Portable electronic devices, one of the fastest growing segments
of the electronics market, provide one of the greatest
opportunities for CAP-XX's products. Driven by customer requests,
manufacturers are constantly adding to the functions and
applications available on these devices. This means that power
management continues to be an increasingly important consideration.
The other important factor is size, as devices become smaller
whilst their capabilities increase. During the year, the Company
was successful in winning new business from a range of markets
including smart credit cards; energy harvesting; mobile phones;
machine to machine (M2M) communication modules; medical products
and other products targeting the internet of things (IoT). However,
it also faced threats in these markets from cheaper cylindrical
supercapacitors where the thin form, high power and long life of
CAP-XX's products are not valued as highly as lower initial cost.

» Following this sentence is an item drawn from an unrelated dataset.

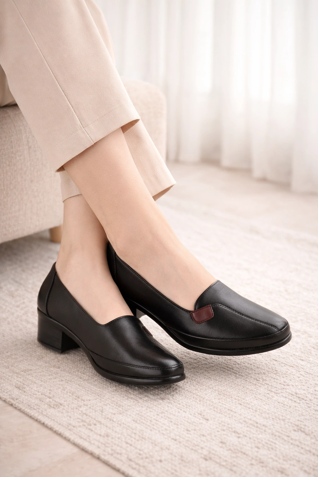 Kadın Siyah Düz Giy-Çık Kısa Topuk Ayakkabı

In addition, our customers' markets are constantly evolving as new
products and technologies threaten the incumbents. In this
environment, CAP-XX needs to remain flexible to changing business
conditions.
Automotive applications such as Stop-Start systems, flat battery
jump-starters, hybrid electric vehicles and electric vehicles also
present very attractive opportunities for CAP-XX's products.
Numerous automotive OEMs and automotive Tier-1 suppliers have
purchased products such as our truckStart and powerModule units for
evaluation. The feedback to date has been very pleasing. During the
year, additional plant and equipment was purchased and commissioned
to enhance our ability to produce these large supercapacitors and
to assemble them into modules suitable for use in motor vehicles.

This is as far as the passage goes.